Папа и дядя Коля стали друзьями ещё в Петербургском Университете. Вместе снимали квартиру, у них был один круг друзей. Ещё до своего увлечения Ниной Александровной Давыдовой, первой своей женой, папа давал уроки игры на рояле маме, с которой его познакомил её брат дядя Коля. Когда отец женился на Давыдовой, мама очень переживала и вскоре заболела чахоткой. Родители отправили её в Боржом к Евгении Михайловне Островской, подруге бабы Саши. Было время, когда баба Саша помогла Евгении Михайловне в смысле здоровья, а теперь Евгения Михайловна принимала у себя больную маму. В 1929 году в связи с больными гландами и я была отправлена к ней в Боржом. У неё и её сестры Людмилы Михайловны там был свой дом. Они жили с грузинами мирно, наряжали меня в грузинское платье - сохранилась такая фотография.

Дядя Коля женился на ученице Н.К. Рериха и И.Я. Билибина в Рисовальной школе Поощрения Александре Васильевне Щекатихиной, которую у нас в семье называли «Аща», «Пупа» и «рязанская пуговка». У них родился Славчик, почти ровесник моей младшей сестры Тани, спутник её детских игр. Дядя Коля умер вскоре после революции от рака желудка.

Дядя Шура (Александр Потоцкий) был актёром, тоже очень рано умер от испанки в годы Гражданской войны у нас в доме. Дядю Шуру мы в детстве любили, он был адресатом целой серии наших со Златой писем, которые мы писали ему из санатории в возрасте 7-10 лет. В семье был известен «Шуркин кофе», то есть кофе, получавшийся после заваривания кипятком уже питой кофейной гущи. Дядя Шура после очередного спектакля на следующий день вставал, как правило, очень поздно, когда свежего кофе уже не было, и ему приходилось готовить «Шуркин».

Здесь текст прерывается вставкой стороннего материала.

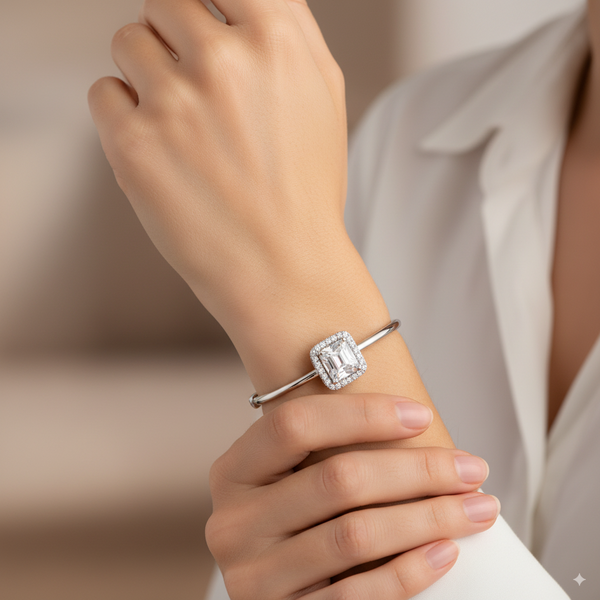 Sleek, sophisticated, and endlessly versatile — the Classic Silver Adjustable Square Shape Stone Bangle by Meama Jewels is the definition of modern elegance.

Баба Оля (сестра бабы Саши и тёти Ани) вышла замуж за Казанского. До сих пор мне не ясно, кто же был её муж. С детства я помнила, что его брат или кузен был священником в высоком сане. В начале 1920-х годов отец, когда мы были с ним на прогулке, показал фотографии расстрелянных иерархов Православной Церкви, и среди них был он. Снимки были вывешены на всеобщее обозрение на Невском проспекте в окне учреждения, где их судили. Сравнительно недавно у меня появилась фотография, на которой этот пастырь снят в рясе, с крестом, и она мне напомнила то страшное отцовское указание. Лишь теперь я узнала, что на снимке был снят митрополит Вениамин (Казанский), канонизированный в новейшее время как священномученик...

Хорошо помню детей бабы Оли: Владимира, Владислава (Владю) и Александру, которую у нас в семье называли Шурочка-девочка. На фотографиях Казанских, хранящихся у меня, есть ещё один ребёнок, но о нём я ничего не помню.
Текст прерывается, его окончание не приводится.